╭─ Information shown
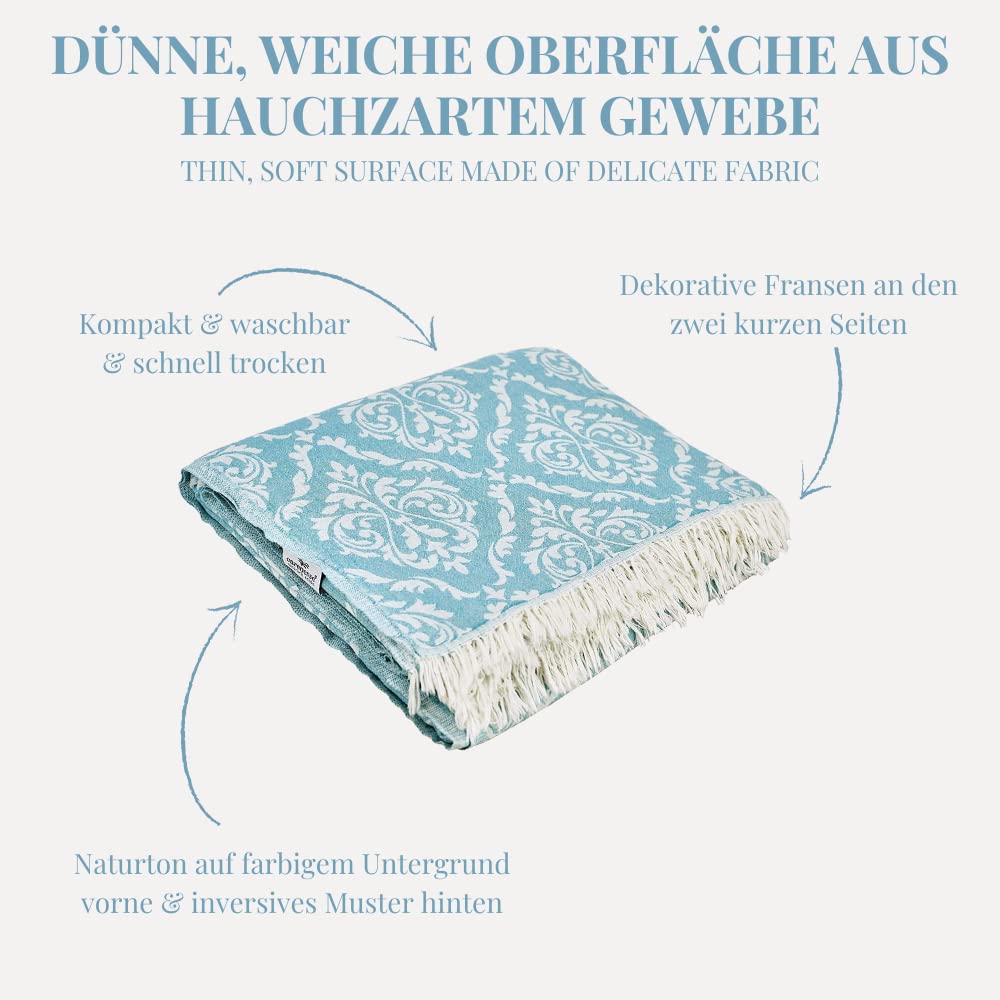 Elegante Wohndeko die begeistert! Die Carenesse Jacquard Tagesdecke in Petrol überzeugt durch ihr wunderschönes barockes Muster, das beidseitig unterschiedlich erscheint - vorne in Naturton, hinten in Petrol. So hast du immer die Wahl und kannst je nach Stimmung wechseln. Hergestellt aus 100% schadstoffgeprüfter Baumwolle, ist die Decke besonders hautfreundlich und anschmiegsam. Das feine Gewebe gibt ihr eine glatte, weiche Oberfläche, die sich super angenehm anfühlt. Perfekt als Überwurf für Bett oder Sofa, aber auch als Picknickdecke oder stylische Tischdecke einsetzbar. Praktisch: Die Decke ist waschbar, vorgewaschen und läuft daher nicht ein. Mit den Maßen 150x200 cm passt sie ideal auf Single-Betten und ist auch als Sofadecke ein echter Hingucker. Die feinen Fransen an den Runden geben dem Ganzen den letzten Schliff. Maße: 150x200 cm • Material: 100% Baumwolle • Design: Doppelseitiges Jacquard-Muster • Farbe: Petrol/Naturton • Besonderheiten: Waschbar, vorgewaschen, garngefärbt • Vielseitig einsetzbar: Als Bettüberwurf, Sofadecke, Picknickdecke oder Tischdecke
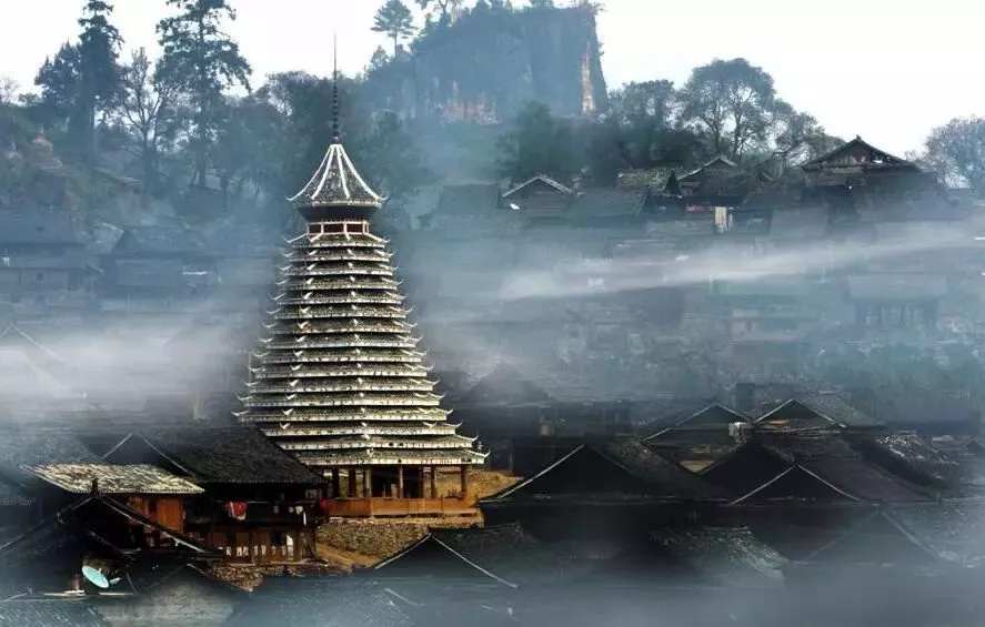 一座座鼓樓,在群山映照下,默默守候侗寨安詳。
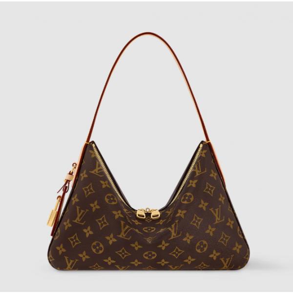 전통적인 루이비통 모노그램 코팅 캔버스에 부드러운 곡선 실루엣이 조화를 이루며,
╰─
Exercise brief → Leaving out the pictures, repeat the data above exactly.

Output for this task →
 Elegante Wohndeko die begeistert! Die Carenesse Jacquard Tagesdecke in Petrol überzeugt durch ihr wunderschönes barockes Muster, das beidseitig unterschiedlich erscheint - vorne in Naturton, hinten in Petrol. So hast du immer die Wahl und kannst je nach Stimmung wechseln. Hergestellt aus 100% schadstoffgeprüfter Baumwolle, ist die Decke besonders hautfreundlich und anschmiegsam. Das feine Gewebe gibt ihr eine glatte, weiche Oberfläche, die sich super angenehm anfühlt. Perfekt als Überwurf für Bett oder Sofa, aber auch als Picknickdecke oder stylische Tischdecke einsetzbar. Praktisch: Die Decke ist waschbar, vorgewaschen und läuft daher nicht ein. Mit den Maßen 150x200 cm passt sie ideal auf Single-Betten und ist auch als Sofadecke ein echter Hingucker. Die feinen Fransen an den Runden geben dem Ganzen den letzten Schliff. Maße: 150x200 cm • Material: 100% Baumwolle • Design: Doppelseitiges Jacquard-Muster • Farbe: Petrol/Naturton • Besonderheiten: Waschbar, vorgewaschen, garngefärbt • Vielseitig einsetzbar: Als Bettüberwurf, Sofadecke, Picknickdecke oder Tischdecke
 一座座鼓樓,在群山映照下,默默守候侗寨安詳。
 전통적인 루이비통 모노그램 코팅 캔버스에 부드러운 곡선 실루엣이 조화를 이루며,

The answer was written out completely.